This post is live-blogged from the Dell presentation at #VFD4. The structure and organization will undoubtedly be poor, since this is all captured on the fly from our chat. Dell had two time slots worth of content, so I hope you have a comfy chair for this one.
Overview
We’re at Dell’s Round Rock office which is a really neat campus! We heard right off the bat about Dell’s privatization and it sounded like they’re very excited about the agility that comes with not being beholden to shareholders. We talked about that in contrast to the agility that comes with going private, it increases the difficulty of people outside the organization to see where Dell is committed, and what’s going well and what isn’t (all due to the lack of quarterly financials being available). We have a lot to cover today, so we jumped right to the first presentation.

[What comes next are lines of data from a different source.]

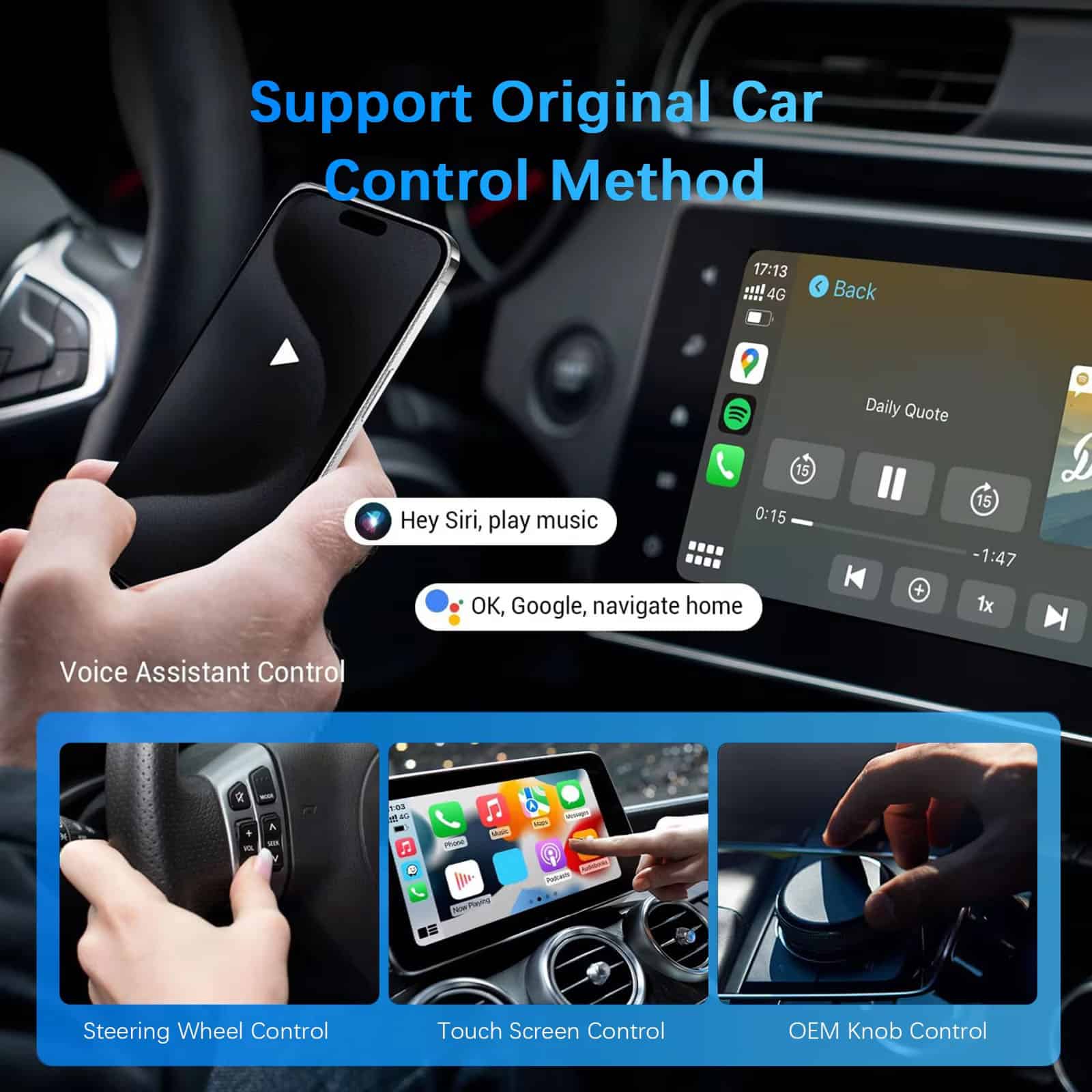 The WireZape works seamlessly with your car's existing steering wheel buttons, touchscreen, and factory knobs, preserving the familiar control experience you already know and trust.
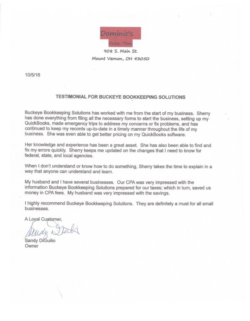 ![]() December 16, 2016 Buckeye Bookkeeping Solutions has saved our company a significant amount of expense in bookkeeping services, has helped simplify our billing process, and has reduced our stress level by managing the accounting aspect of our small business. We no longer worry about tax deadlines, Federal, State payroll reports, quarterly reports, bank reconciliation's, etc. Our information is always completed in detail and in a timely manner. Sherry has demonstrated never ending patience with me, taking time to guide me through our new accounting software (which by her recommendation has reduced my customer billing time in half), and to recommend additional time-saving services. She is always professional, friendly, informative and prompt in returning telephone calls or emails. Sherry has helped to educate me by providing reference to areas regarding possible additional tax deductions and updates to changes in regulations that could affect our business. Our company is proud to recommend Sherry Wilson to any
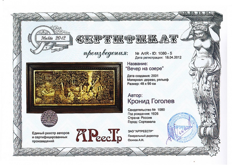 Online система регистрации арт-объектов artreestr / Сертификаты произведений членов «АРТ реестра» / Гоголев Кронид Александрович / Вечер на озере
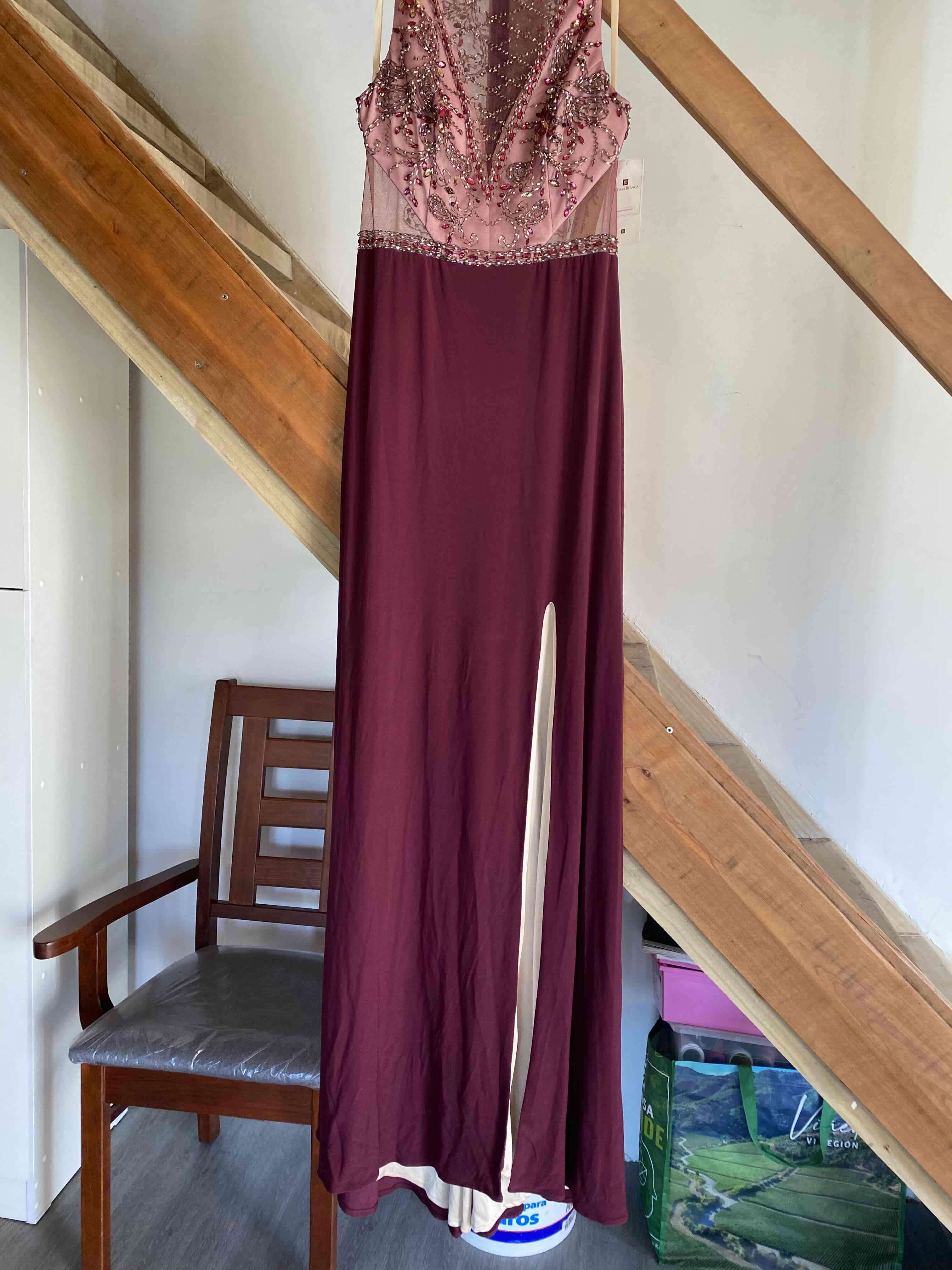 Vestido largo burdeos con detalles bordados y transparencias. Ideal para eventos formales, en buen estado.
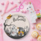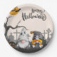 Happy Halloween Retro Gnomes in Cemetery Paper Plate
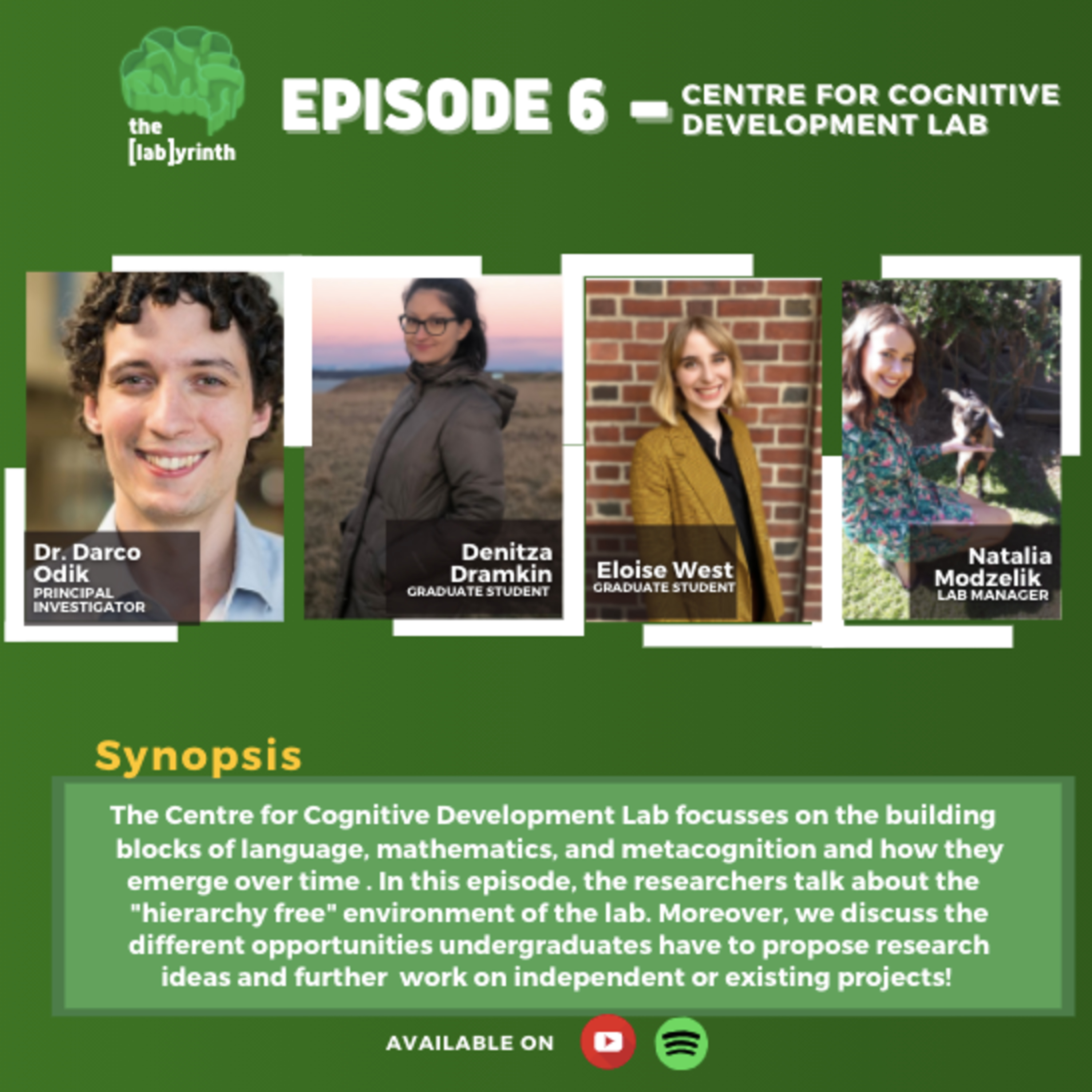 In our sixth episode, Executive Coordinator- Events, Aadhya Mittal invites Dr. Darco Odik and his lab members: Denitza Dramkin, Eloise West and Natalia Modzelik to discuss their focus on the building blocks of language, mathematics, and metacognition and how they emerge over time. In this episode, the researchers talk about the "hierarchy free" environment of the lab, different opportunities undergraduates have to propose research ideas and further work on independent or existing projects!
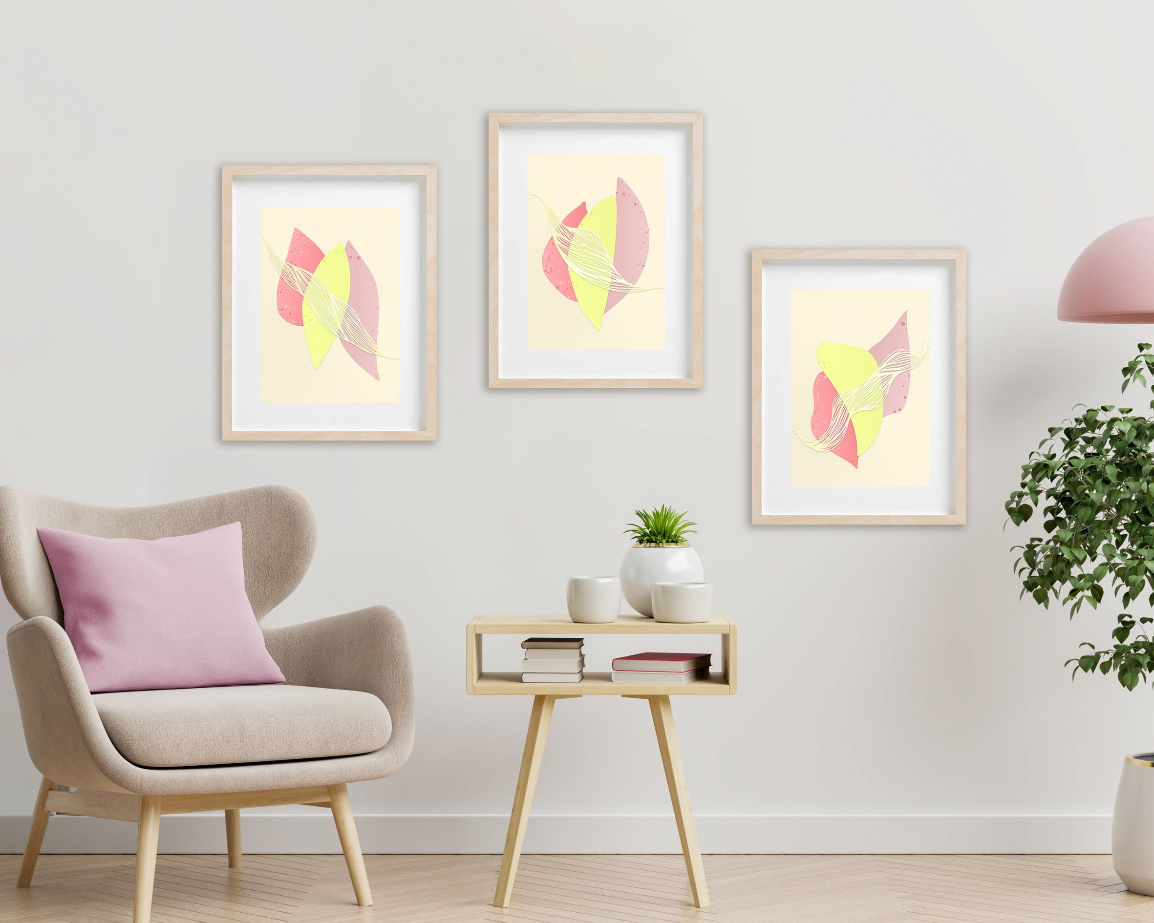 A tempting trio that really hits the spot, these abstract prints in sorbet shades work like a dream with bleached wood and Scandi style furniture.
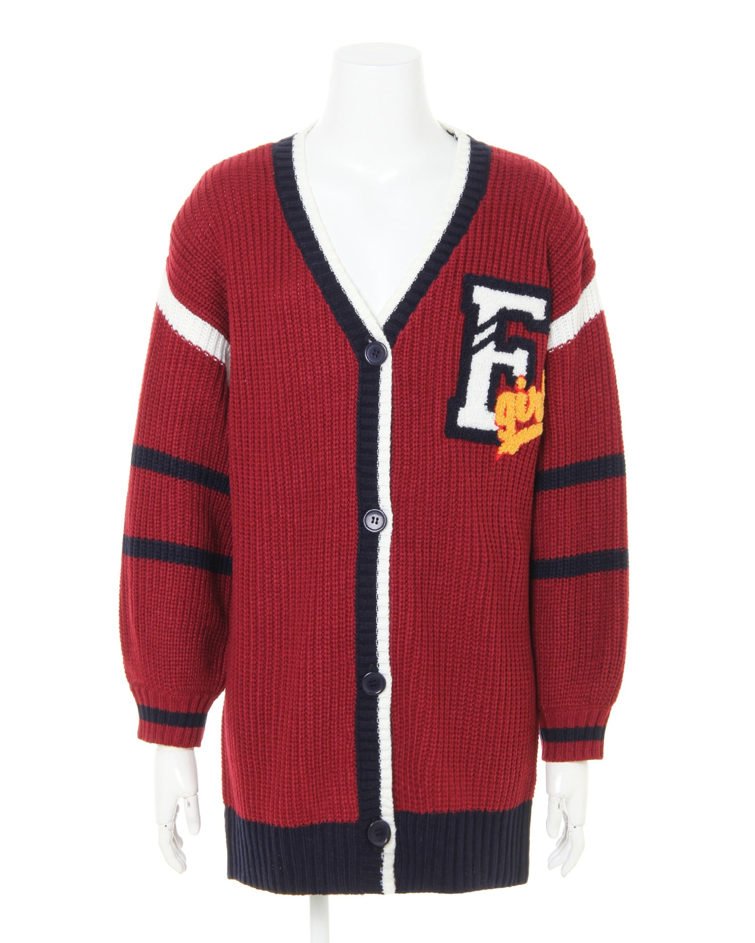 エッジの効いた配色ラインで存在感のあるカーディガンは季節の変わり目に活躍します。伸縮性のある柔らかな素材で肌馴染みも良く優しい着心地。程よくゆとりのあるシルエットでリラックス感漂うこなれた着こなしに導きます。大きく開いたVネックが顔周りをすっきりみせ小顔効果も期待。胸元にはロゴが浮き出ているような風合いが特徴のサガラ刺しゅうをオン。レトロなアクセントになっています。
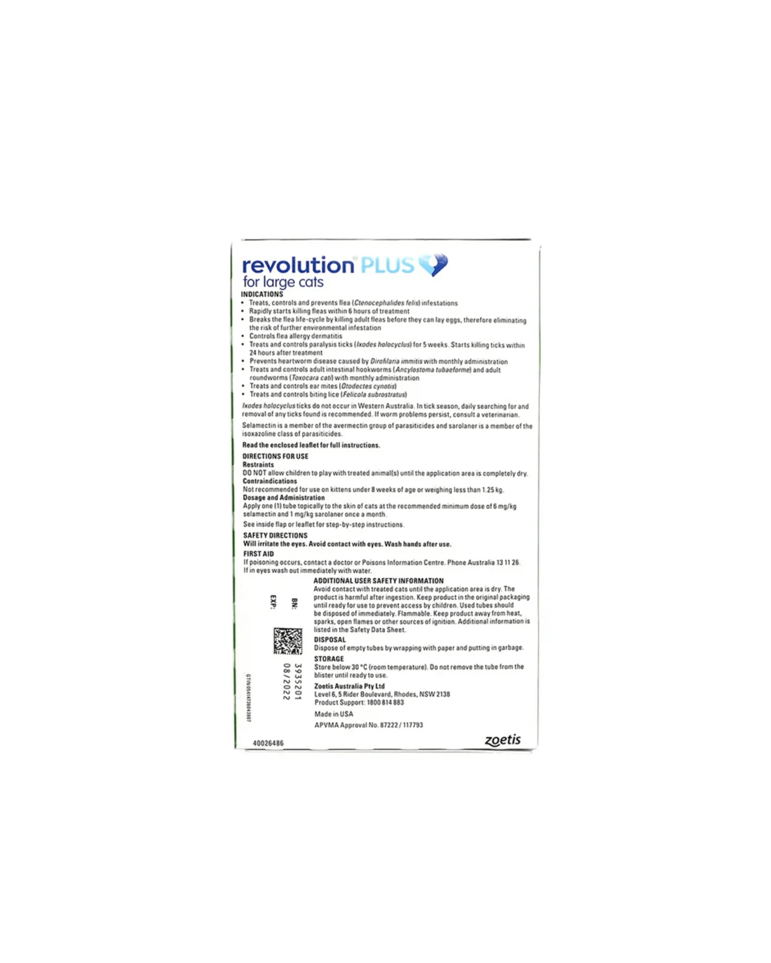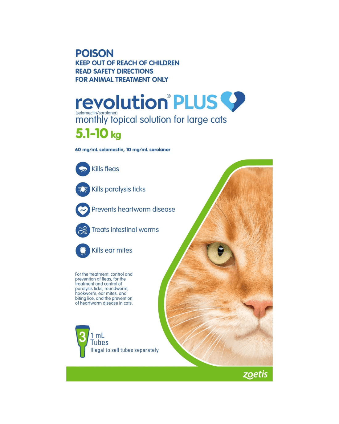Revolution Plus for cats is an easy-to-use monthly spot-on treatment that protects your pet from fleas, ticks, heartworm, intestinal worms, and ear mites. It kills adult fleas, eggs, and larvae to break the flea life cycle, keeping your cat protected for an entire month.
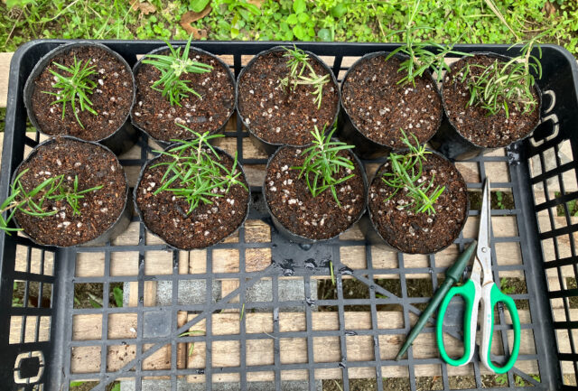 水差しにして、根が出たローズマリーを、ポリポットに定植。
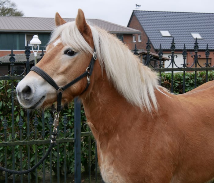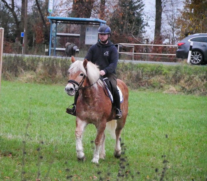 Name: Bella Alter: geb. 10.02.2017 Geschlecht: Stute Stockmaß: 142 cm Rasse: Haflinger Abstammung: Blitz van het Ravenhof von Bergquell x Stano von Stainz Zum Verkauf steht diese süße Haflinger Stute. Sie ist freizeitmäßig geritten kennt Halle, Platz und Gelände und lässt sich so schnell nicht aus der Ruhe bringen. Emma ist sehr brav im Umgang sowie unter dem Sattel und wurde auch schon von kleineren Kindern geritten. Sie ist neugierig , menschenbezogen und stand zuletzt in einem Offenstall zusammen mit einem Shetty. Sie deckt gut ab und würde sich auch für ein Mutter/ Tochter Gespann eignen. Alles weitere unter der Nummer 0176 62495567

Foglight for Virtualization
Foglight (which was a part of the Quest acquisition) is a multi-hypervisor solution for monitoring OS, vSwitch, storage, AD/Exchange/SQL, and View/XenApp. It also does capacity planning, chargeback, and change management. A slide during this presentation says they’re the “only one in the industry that offers remediation/automation.” Maybe it’s just a poorly constructed slide, but that’s hogwash. A SaaS edition is on the roadmap for Q4 of 2015, which is consistent with what we’re seeing a lot of other monitoring/optimization tools do. The whole roadmap for 2015 looks cool, so if all of this stuff makes it in, I’ll be pleased. During this slot, Dell won the “Best Slide of #VFD4” award by having picked up a meme of Emad Younis that Christopher Kusek tweeted last night.
The Foglight Resource Utilization dashboard has spinny wheels that change colors and spin at different speeds. It would look beautiful up on a big screen in your NOC! Unfortunately, I didn’t see anything feature-wise that really stood out, as compared to competitors. That doesn’t mean there aren’t business reasons to make the Foglight choice. But I was looking for something that – like we talked about earlier – no one else is doing, and I didn’t catch that if it was there. We also briefly touched on price, because traditionally Foglight has been seen in the market as an expensive product. It sounds like they don’t think so, and it’s been quite some time since the price has changed. Perhaps the perception just needs to be addressed.
Dell Storage
Dell is unifying their different storage product lines and will be known simply as Dell Storage moving forward. We finally got to some meat when we got to talk about NVMe and Fluid Cache. It took me about five slides to get it, but Fluid Cache is simply a server-side caching solution using PCIe SSD. The first implementation of Fluid Cache uses RDMA over 10g Ethernet to pool the flash. In the future, perhaps RDMA over Infiniband would be possible, or a number of other methods of managing this pool. A minimum of 3 nodes is required, which is for typical parity purposes. The software side of this solution is deployed via virtual appliance. I’m not sure if companies are waiting for VAIO or what the vision is, but I don’t understand why more solutions don’t use a VIB and perform this function right at the hypervisor. Maybe the can’t? I’ll say that I really like the one(s) that can. I think if there’s anything that stands out about this, it’s the way the pooling is done via RDMA (I don’t think a lot of others are doing this?).
Intel
Intel was also a part of this conversation and most of the conversation was mostly re-stating the problem…again. But fortunately we got 5 minutes at the end to talk about rack-scale architecture. This topic has come up in conversation with delegates already this week, and it’s really cool. If you don’t know, essentially this is the concept of having pooled and disaggregate compute, network, and storage resources connected with a technology called “silicon photonics” which is really cool. Maybe I’ll write a full post on this soon, but the concept is really neat. Imagine that rather than having racks full of servers, you could have racks full of CPU, and racks full of Memory, and so on.
PowerEdge FX
Lastly, we got a look (Literally! They brought some in. ) at the PowerEdge FX series servers. FX is the converged-style system. It’s 2U x 4-node, as seems to be the standard right now. You can add compute nodes or storage nodes, and it uses something called an IO Aggregator in the back of the chassis for networking. I guess I don’t know it for a fact, but I’m assuming this system will be what Dell’s EVO:RAIL system runs on moving forward. It came up, but there wasn’t a firm answer. The density potential here is pretty impressive. If you crammed the compute nodes full of memory, you could potentially run about 12 TB of memory in a measly 2U of rack space. Obviously the DIMMs to get to that density will be stupid expensive, I’m just saying it’s possible 🙂 This FX session was one of the best of #VFD4. She did a fantastic job and REALLY knows her stuff. Delegates were really excited about the FX stuff in general, and this session will probably get some great blog posts soon!
That’s it for the Dell session! We’ll be back in about an hour for the final session of #VFD4 with Scale Computing!